### WHAT NEEDS TO BE DONE
Return all of the entries exactly, but do not include the pictures.

### EXCERPTED DATA

※ ※ ※

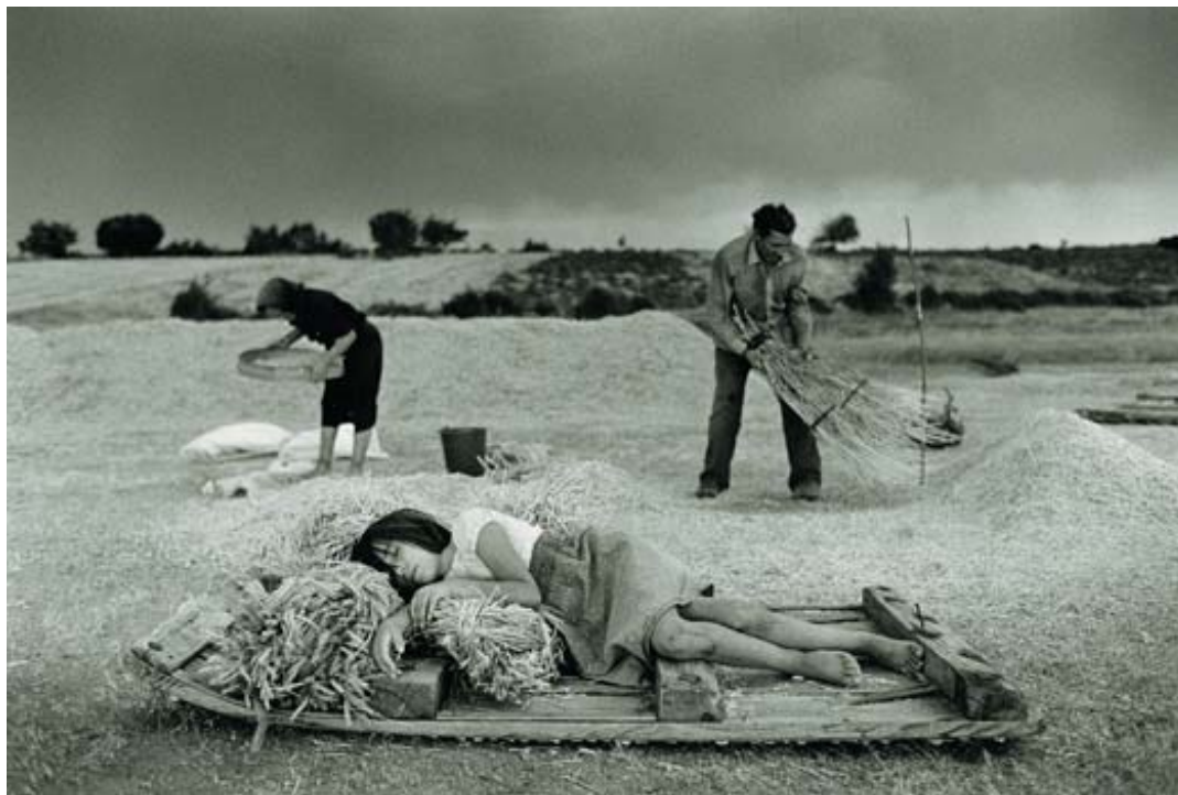
Foto de Cristina García Rodero expuesta en la Sala Municipal de Exposiciones de San Benito de Valladolid en el verano de 2009.

Una película: Master & Commander , de Peter Weir, 2003.
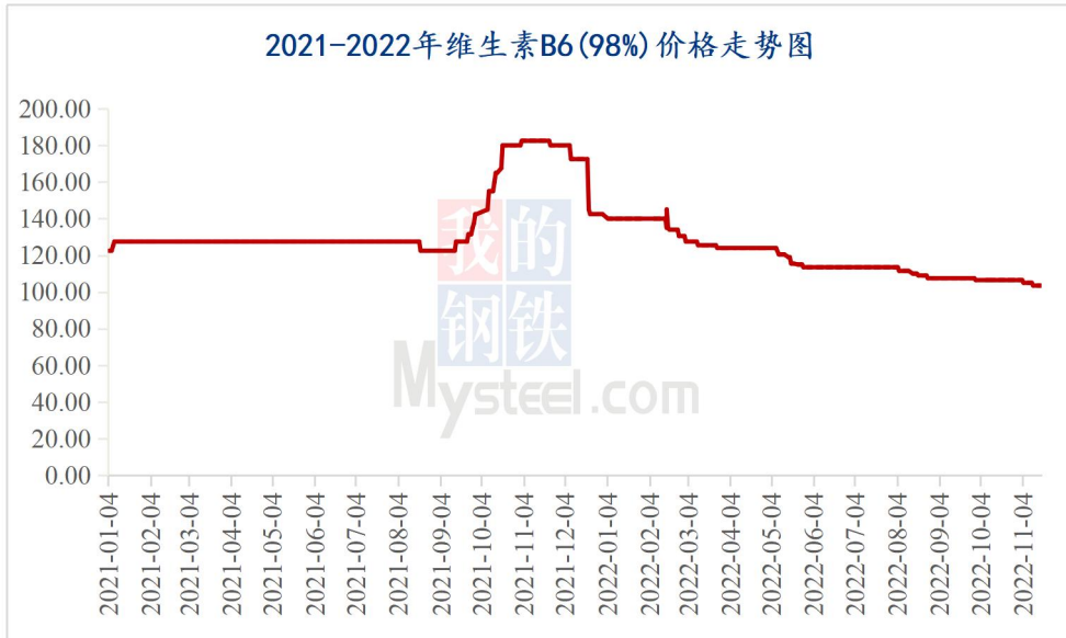
图 8 2021-2022 年维生素 B6 价格走势图

本周国内市场主流报价 110-114 元/kg，市场需求一般，价格较上周小幅下调。
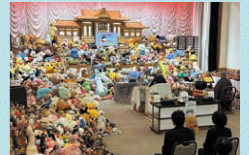
令和7年10月開催 人形供養祭の様子
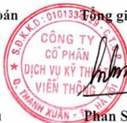
Phan Sỹ Kiên

Chứng chỉ ISO 9001:2008 (được cấp bởi TUV-NORD ngày 10/04/2015).
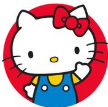
ภาพที่ 2 Hello Kitty

ต่อมา หลังสงครามโลกครั้งที่ 2 เป็นช่วงที่สังคมกลับมาสงบสุข ผู้คนผ่อนคลายความตึงเครียด และมีค่านิยมมีลูกเยอะ เพราะพวกเขา ๆ จะเป็นกำลังสำคัญสำคัญในการฟื้นฟูเศรษฐกิจ ญี่ปุ่นพยายามฟื้นฟูเศรษฐกิจอย่างแข็งขันจนเศรษฐกิจภายในประเทศเติบโตขึ้นอย่างรวดเร็วในค.ศ. 1951-1973 ช่วงเวลานี้เป็นช่วงเวลาของบริษัทต่าง ๆ ทำการตลาดโดยเน้นกลุ่มเป้าหมายคือกลุ่มวัยรุ่นที่เกิด ค.ศ. 1947-1949 ซึ่งเป็นเด็กที่เกิดในช่วงแรกของยุค Baby Boom วัฒนธรรมย่อยใหม่ ๆ จึงเกิดขึ้น เช่น วัฒนธรรม ‘คาวาอี้’ (Kawaii : 可愛い) แปลว่า ‘น่ารัก’ ในภาษาญี่ปุ่น ซึ่งเป็นวัฒนธรรมที่ให้ความสำคัญกับสุนทรียะที่ประกอบไปด้วยความไร้เดียงสาแบบเด็กและความเรียบริ้วอ่อนหวาน นิยามของคำว่า “สาวน้อย” จึงถูกนำมาตีความให้เข้ากับบริบทสังคมใหม่และวัฒนธรรมคาวาอี้ เห็นได้จากตัวละครชื่อดังจากบริษัท Sanrio อย่าง Hello Kitty ที่เป็นเสมือนตัวแทนของวัฒนธรรมนี้
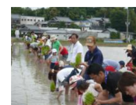
地域住民との交流活動
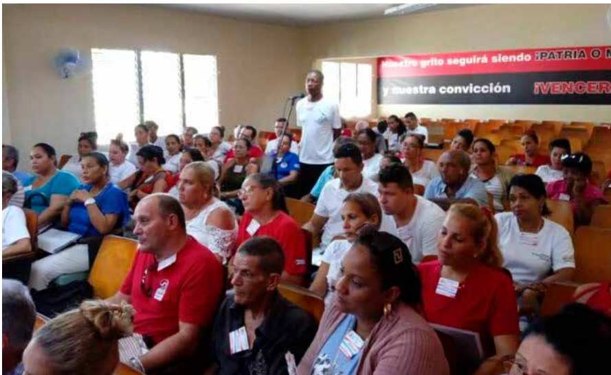
Los incontables aportes de la Anir fueron resaltados en los debates.

Un tema enfatizado en las conferencias fue la necesidad del conocimiento pleno sobre la actualización de las normas jurídicas en materia laboral y de la descentralización de facultades otorgadas a la empresa estatal socialista, actor fundamental de la economía.
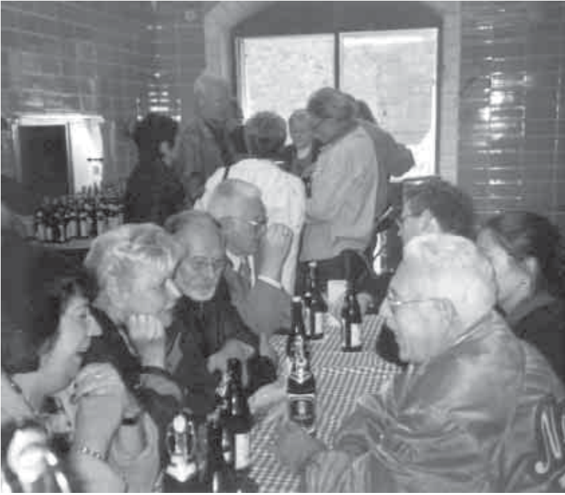
FBM-Mitglieder bei der geselligen Bierprobe in der Kronacher Kaiserhof-Brauerei.
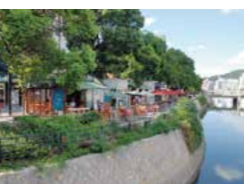
40 稲荷大橋から見た水辺のオープンカフェ
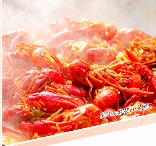
美味的烧烤小龙虾。
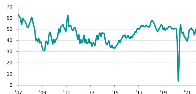
Indice de l'activité globale du secteur de la construction français cvs, >50 = amélioration par rapport au mois précédent
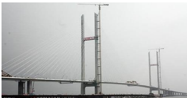
Ny højbro under opførsel mellem DDF Korea og Kina over Amnokfloden vidner om stærkt udvidet kinesisk-nordkoreansk samhandel og økonomisk vækst i DDF Korea.

DDF Korea og Cuba har etableret et tættere militært samarbejde, hvilket et højtstående besøg i Havana i juli 13 bevidnede.
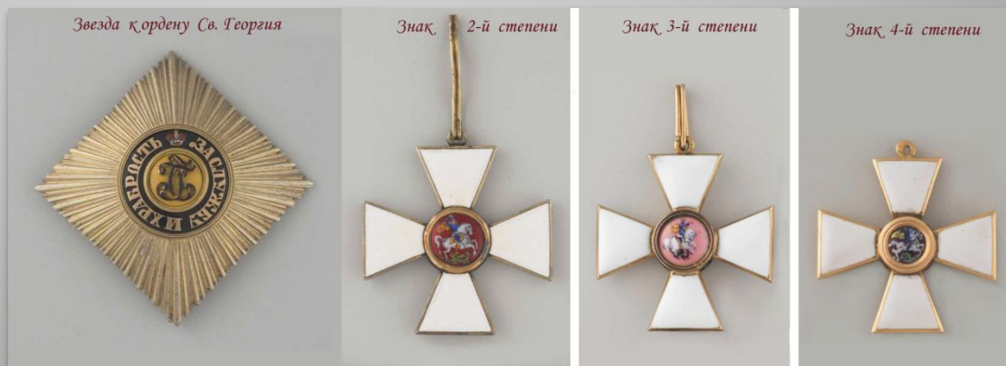
Звезда к ордену Св. Георгия
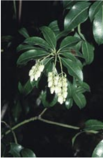
Abb. 35: Pieris japonica – Japanischer Weißglockenstrauch

Miozän, im Pliozän von Polen und des Elsaß sowie im Altpleistozän, gibt es ebenfalls.
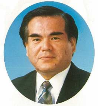
石垣市長 大瀨長照
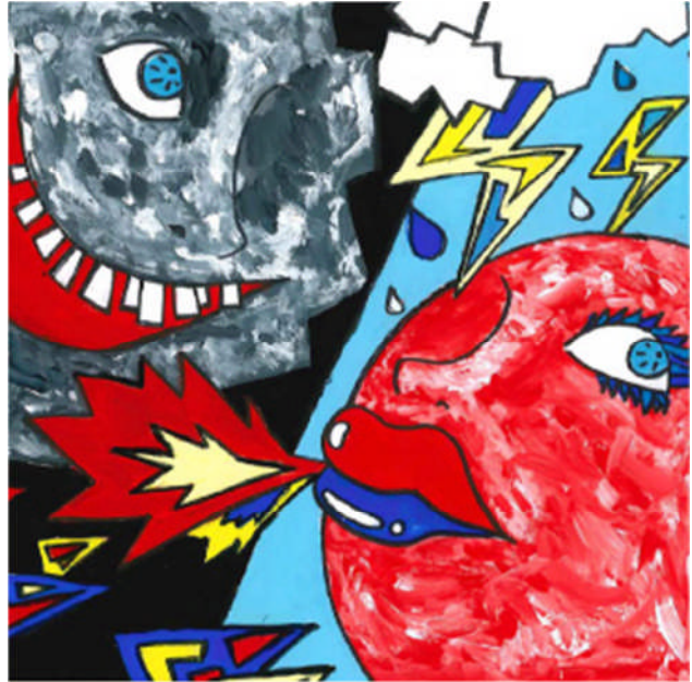
最優秀賞「Cloud, Sun, and You」
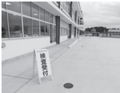
▲ドライブスルー方式で行われた新型 コロナウイルス感染症検査会場 (かすみがうらウエルネスプラザ)
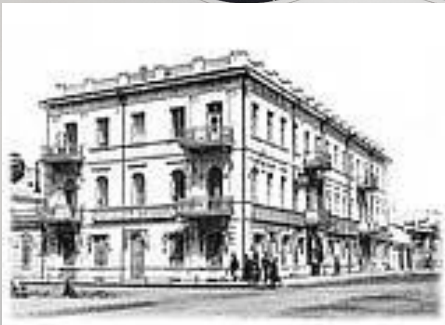
Гостиница «Центральное Деко».
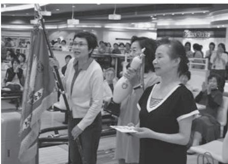
表彰式：団体の部優勝の県央地区
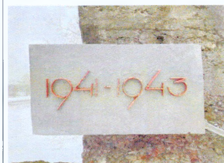
Памятная металлическая доска северо-западной стелы

Предмет охраны может быть уточнен при проведении дополнительных научных исследований.
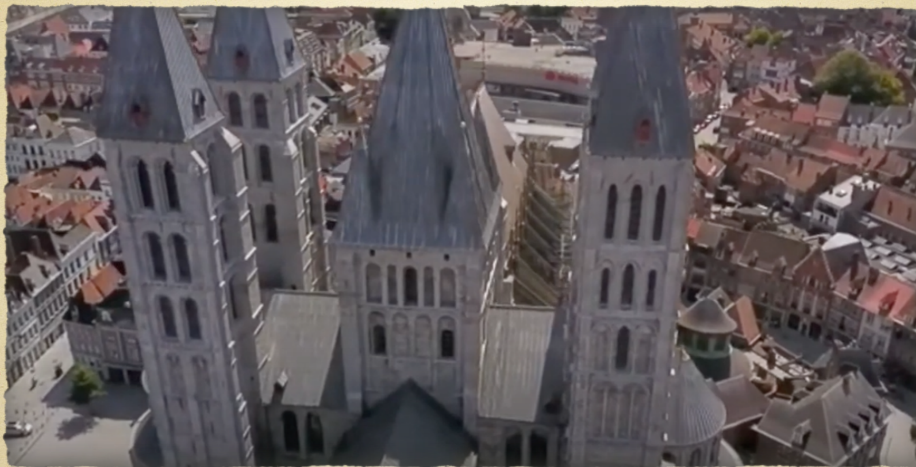
La cathédrale de Tournai
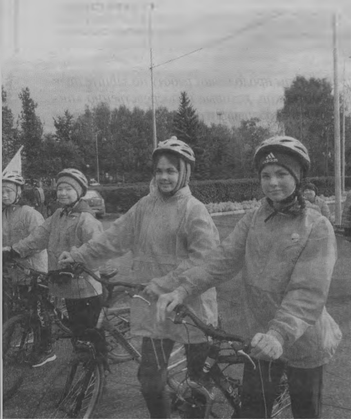
Участники велозаезда, учащиеся Тоншаевской средней школы, к велопробегу готовы.

Министерство спорта Нижегородской области
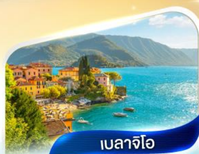
เบลลาจีโอ
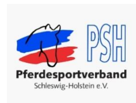
Pferdesportverband Schleswig – Holstein e. V.
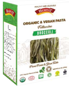
Organik & Vegan Brokolili Fettuccine Makarna
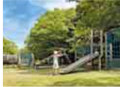
体を動かして遊ぼう

谷津干潟の保全、湾岸道路や工場群の公害防止などのために造られた全長1200mの細長い公園。緑豊かな園内には散策路が設けられ、散歩やジョギングを楽しむ人も多く見られます。
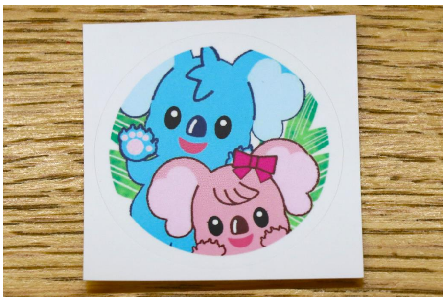
写真：ココ&ララオリジナルステッカー
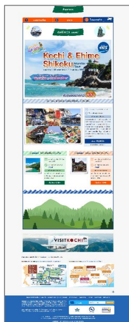
高知県PRページ（ツアー商品）
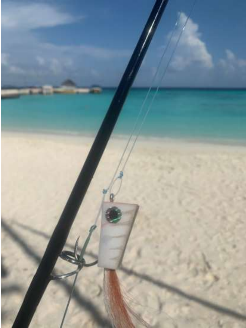
Not Your Average Popper (NYAP) für GTs
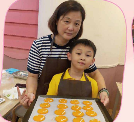
「Cooking Mama/Papa」親子烘焙班，學生在自製節及父親節向父母表達謝意。

※ ※ ※

### ANSWER SECTION
Foto de Cristina García Rodero expuesta en la Sala Municipal de Exposiciones de San Benito de Valladolid en el verano de 2009.

Una película: Master & Commander , de Peter Weir, 2003.
图 8 2021-2022 年维生素 B6 价格走势图

本周国内市场主流报价 110-114 元/kg，市场需求一般，价格较上周小幅下调。
令和7年10月開催 人形供養祭の様子
Phan Sỹ Kiên

Chứng chỉ ISO 9001:2008 (được cấp bởi TUV-NORD ngày 10/04/2015).
ภาพที่ 2 Hello Kitty

ต่อมา หลังสงครามโลกครั้งที่ 2 เป็นช่วงที่สังคมกลับมาสงบสุข ผู้คนผ่อนคลายความตึงเครียด และมีค่านิยมมีลูกเยอะ เพราะพวกเขา ๆ จะเป็นกำลังสำคัญสำคัญในการฟื้นฟูเศรษฐกิจ ญี่ปุ่นพยายามฟื้นฟูเศรษฐกิจอย่างแข็งขันจนเศรษฐกิจภายในประเทศเติบโตขึ้นอย่างรวดเร็วในค.ศ. 1951-1973 ช่วงเวลานี้เป็นช่วงเวลาของบริษัทต่าง ๆ ทำการตลาดโดยเน้นกลุ่มเป้าหมายคือกลุ่มวัยรุ่นที่เกิด ค.ศ. 1947-1949 ซึ่งเป็นเด็กที่เกิดในช่วงแรกของยุค Baby Boom วัฒนธรรมย่อยใหม่ ๆ จึงเกิดขึ้น เช่น วัฒนธรรม ‘คาวาอี้’ (Kawaii : 可愛い) แปลว่า ‘น่ารัก’ ในภาษาญี่ปุ่น ซึ่งเป็นวัฒนธรรมที่ให้ความสำคัญกับสุนทรียะที่ประกอบไปด้วยความไร้เดียงสาแบบเด็กและความเรียบริ้วอ่อนหวาน นิยามของคำว่า “สาวน้อย” จึงถูกนำมาตีความให้เข้ากับบริบทสังคมใหม่และวัฒนธรรมคาวาอี้ เห็นได้จากตัวละครชื่อดังจากบริษัท Sanrio อย่าง Hello Kitty ที่เป็นเสมือนตัวแทนของวัฒนธรรมนี้
地域住民との交流活動
Los incontables aportes de la Anir fueron resaltados en los debates.

Un tema enfatizado en las conferencias fue la necesidad del conocimiento pleno sobre la actualización de las normas jurídicas en materia laboral y de la descentralización de facultades otorgadas a la empresa estatal socialista, actor fundamental de la economía.
FBM-Mitglieder bei der geselligen Bierprobe in der Kronacher Kaiserhof-Brauerei.
40 稲荷大橋から見た水辺のオープンカフェ
美味的烧烤小龙虾。
Indice de l'activité globale du secteur de la construction français cvs, >50 = amélioration par rapport au mois précédent
Ny højbro under opførsel mellem DDF Korea og Kina over Amnokfloden vidner om stærkt udvidet kinesisk-nordkoreansk samhandel og økonomisk vækst i DDF Korea.

DDF Korea og Cuba har etableret et tættere militært samarbejde, hvilket et højtstående besøg i Havana i juli 13 bevidnede.
Звезда к ордену Св. Георгия
Abb. 35: Pieris japonica – Japanischer Weißglockenstrauch

Miozän, im Pliozän von Polen und des Elsaß sowie im Altpleistozän, gibt es ebenfalls.
石垣市長 大瀨長照
最優秀賞「Cloud, Sun, and You」
▲ドライブスルー方式で行われた新型 コロナウイルス感染症検査会場 (かすみがうらウエルネスプラザ)
Гостиница «Центральное Деко».
表彰式：団体の部優勝の県央地区
Памятная металлическая доска северо-западной стелы

Предмет охраны может быть уточнен при проведении дополнительных научных исследований.
La cathédrale de Tournai
Участники велозаезда, учащиеся Тоншаевской средней школы, к велопробегу готовы.

Министерство спорта Нижегородской области
เบลลาจีโอ
Pferdesportverband Schleswig – Holstein e. V.
Organik & Vegan Brokolili Fettuccine Makarna
体を動かして遊ぼう

谷津干潟の保全、湾岸道路や工場群の公害防止などのために造られた全長1200mの細長い公園。緑豊かな園内には散策路が設けられ、散歩やジョギングを楽しむ人も多く見られます。
写真：ココ&ララオリジナルステッカー
高知県PRページ（ツアー商品）
Not Your Average Popper (NYAP) für GTs
「Cooking Mama/Papa」親子烘焙班，學生在自製節及父親節向父母表達謝意。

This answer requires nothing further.